Reviewed by James Karas
The Madness of George III, Alan Bennett’s 1991 play, has some 27 characters not including footmen, courtiers, Members of Parliament and assistants. The mentally ill King George III dominates the play and the horde of other characters go on and off the stage in quick succession that at times makes it difficult to follow the plot in detail.
Director Kevin Bennett has reduced the number of roles to 23, excluding footmen and walk-on parts and has a dozen actors play all the parts. It does not help in following the fast paced action. Bennett has made a few other unhelpful changes. The role of Greville, the King’s male equerry is assigned to Rebecca Gibian. The roles of Edward Thurlow and Sir Lucas Pepys are given to Marci T. House. Burke and Braun, both male roles, are given to Lisa Berry who also plays Lady Pembroke. Most of the other actors take two or three roles which does not add to clarity.
Ken MacDonald has designed a pretty set in the small Royal George Theatre. It looks almost like a miniature set with two tiers of seats for members of the audience on each side. I am not sure why Kevin Bennett decided to put audience members on stage and even less so when the actors interact with them.

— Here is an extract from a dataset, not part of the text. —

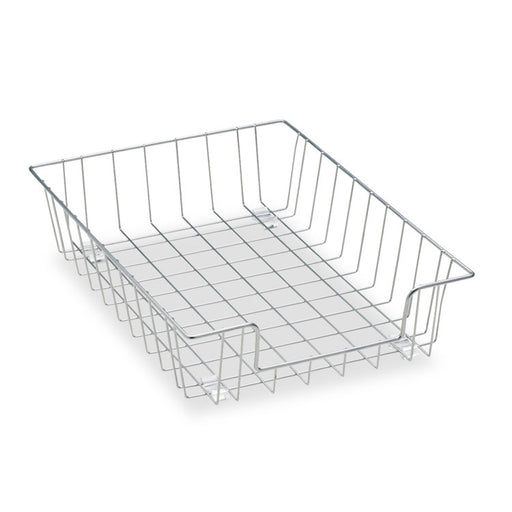 Wire Tray with contemporary design that organizes documents and files. Stack trays with posts, sold separately. Steel tray is 100% recyclable. 10"w...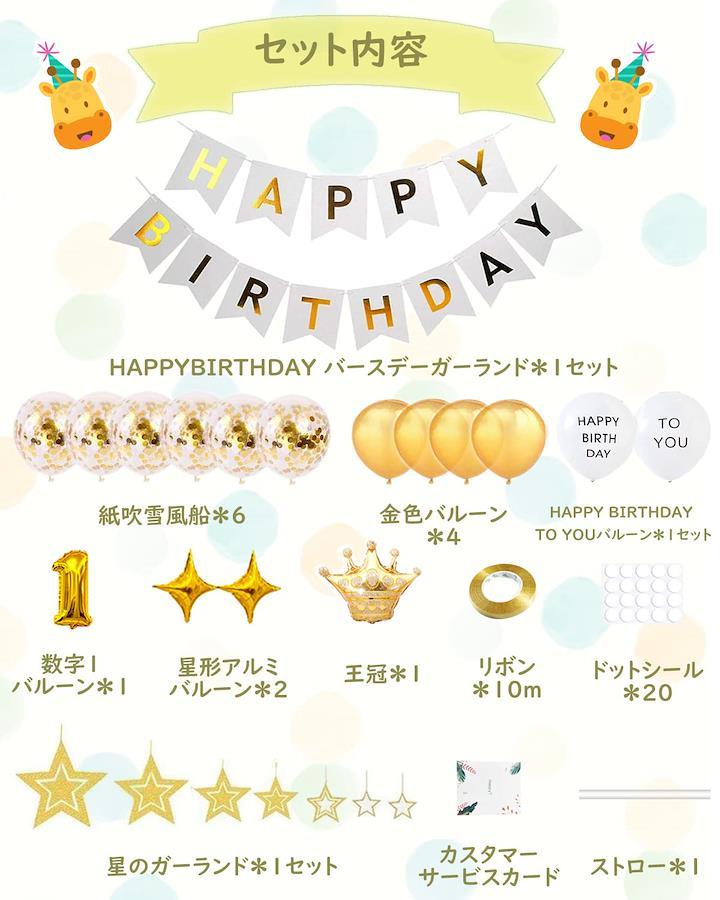 【最新バリエーション&盛り上がる誕生日会に!】お誕生会の演出・サプライズにおすすめ!アルミ風船セットです、ハッピーバースデー!風船でお部屋を飾りつけ!大切なあの人のお誕生日を、ゴージャスにお祝いしちゃいましょう. 明るくて、元気一杯なカラーで、男の子も女の子も大活躍です. キラキラとしていてゴージャスな雰囲気を演出できます. ゴージャスでパーティーにぴったり. 【輝くセット&数字バルーン&お買い得】キラキラしている 誕生日 飾り付け セット&新しい風船セットを追加!!!セット内容:①「HAPPY BIRTHDAY」ガーランドバースデーガーランド×1セット ②王冠バルーン×1 ③紙吹雪風船×6 ④数字バルーン×1 ⑤星型アルミバルーン×2 ⑥星のガーランド×1セット ⑦吸込管×1本 ⑧ゴールドリボン×10m ⑨ドットシール×20点 ⑩カスタマーサービスカードx1. 追加風船セットの内容:ゴールド風船×4、HAPPY BIRTHDAY TO YOUバルーン×1セット 【華麗な感じ&適用場合広い】光沢があるペーパー製、角度により光が反射し高級感があります. ゴールド調で豪華感がある飾りセットは男の子にも女の子にもぴったりします. 鮮やかな色で人目を引きやすいし、喜びの雰囲気を盛り上げることができます. お誕生日お祝いのために用意するのはもちろん、忘年会、クリスマスイブ、結婚式、ウェディング、二次会いろんな記念日パーティーにも大活躍しています. お大事な日に、もっと素晴らしい記念写真を撮るために、一緒に飾り付けましょう. 【安全安心.リサイクル】極厚のバルーンなので、破れにくいし、傷つけにくいです. 一回使った後、空気を抜いて、きちんと収納してから、次のパーティーやお部屋の飾り付けとして再利用も可能です. 両面テープは剥がしやすく、壁に傷めつけにくいので、便利で、キレイです. 無毒・無臭のため小さなお子様のいるご家庭でも安心して使用することが出来ます. 【品質保証】当社では厳しい品質管理体制のもと、商品重量による、二重検品を行っております. 万が一到着商品の初期不良にてお困りの際は、メッセージよりご連絡下さい. 当店製品にご質問がございましたらの場合は必ずの【注文履歴】-【出品者への連絡】をクリックし、メールにてご連絡ください. 無料交換のご連絡をさせていただきま

As I said, the play is dominated by King George III and Tom McCamus gives a bravura performance in the role. He goes from incredible arrogance to being tied up in a chair and humiliated by his doctors. Both ends of the spectrum are shocking. The King considers himself as only short of divine and his treatment of others is utterly contemptuous. No one is allowed to address him directly and they must walk backwards when leaving his presence. It is a pretty disgusting picture of unrestrained arrogance.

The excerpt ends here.